Jane ist eine junge, intelligente und vor allem freiheitliebende Frau, deren Zunge ebenso spitz ist wie ihre Feder. Hinzu kommt, dass ihre Familie nahezu mittellos ist – so ist sie, obwohl hübsch, nicht gerade das, was man zu ihren Zeiten, eine gute Partie nannte. Doch ein reicher Erbe aus ihrer Verwandtschaft hält um ihre Hand an. Allerdings ist Jane nicht gewillt eine lieblose Vernuftehe einzugehen. Hinzu kommt, dass dieser junge Mann ihre schriftstellerischen Ambitionen nicht zu schätzen scheint.

Ebenso wenig wie Tom LeFroy, ein Dandy aus London, der in der Nähe lebende Verwandte besucht und ein Freund ihres Bruder ist. Die beiden liefern sich hitzige Wortgefechte und fühlen sich dabei doch auch, immer mehr zueinander hingezogen. Tom lernt Janes Geist genauso zu schätzen, wie ihr hübsches Gesicht und sie erkennt, dass sich hinter seiner überheblichen Dandy-Fassade mehr verbirgt als oberflächliches Geckentum (Stolz und Vorurteil-Leser werden hier aufmerken).
Doch leider ist Tom ebenfalls mittellos und kann sich eine Liebesehe mit Jane nicht leisten. Kann es trotzdem zu einem Happy End für die beiden kommen?

Die Verfilmung von Jane Austens Leben, hat mich als Austenfan natürlich interessiert. Leider habe ich es damals nicht ins Kino geschafft, dafür allerdings in die Videothek.Und nun, ich muss sagen, es hat sich gelohnt. Die Verfilmung ist natürlich eine Verfilmung. Also wohl nicht sehr realitätsnah. Aber wunderschön.
Liebevoll gestaltete Kulissen und gekonnt gewählte Drehorte machen den Film mit perfekt besetzten Schauspielern zu einem schönen Filmerlebnis. Sprache und Kostüme verhelfen einem zusätzlich zu einer Reise in Jane Austens Zeiten, in der Frauen das Schweigen angeblich noch gut anstand, aber trotzdem schon manche auf ihre Weise die Stimme erhoben und dafür Träume opferten, damit wir sie heute Leben dürfen.
Ich finde Anne Hathaway macht Jane Austen für ihre Fans sehr lebendigund spielt die Rolle der selbstbewußten Schreiberin, die sich nicht gesellschaftlichen Konventionen beugen möchte gekonnt. Besonders viel Freude hatte ich an den Dialogen.
Ich empfehle Euch also Geliebte Jane von Herzen. Seht ihn Euch an und fiebert mit Jane, lebt mit Jane und träumt mit Jane.
Und wenn sie in Euch nur ein wenig Interesse weckte, schenkt ihr mehr Zeit und besorgt Euch ihre Biographie oder recherchiert im Internet.
Sie hat es sich verdient🙂

Zur DVD geht es hier: Geliebte Jane<-Klick!

One thought on “Geliebte Jane (Rezension Film)

  1. Ich habe lange nicht mehr kommentiert, sorry dafür.
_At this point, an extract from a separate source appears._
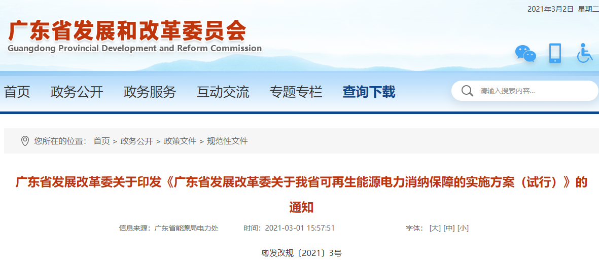 3月1日,广东省发改委官网印发《广东省发展改革委关于我省可再生能源电力消纳保障的实施方案(试行)》的通知,通知指出:保障电力系统安全稳定运行和连续可靠供应,确保可再生能源机组优先发电,努力实现弃水电量显著减少,风电、光伏等新能源全额消纳。

Ich war den letzten Monat ziemlich eingenommen, sodass ich häufig keine Lust mehr hatte. Bereite dich also nun auf eine Flut an Comments vor.

    Jane Austen trifft zwar gar nicht meinen Gschmack, aber eine Kommilitonin von mir geht da ziemlich drauf ab. Soe guckt sich aus irgendeinem Grund die Filme wieder und wieder an, hat ihre Biographie komplett intus… ein wahrer Fan eben…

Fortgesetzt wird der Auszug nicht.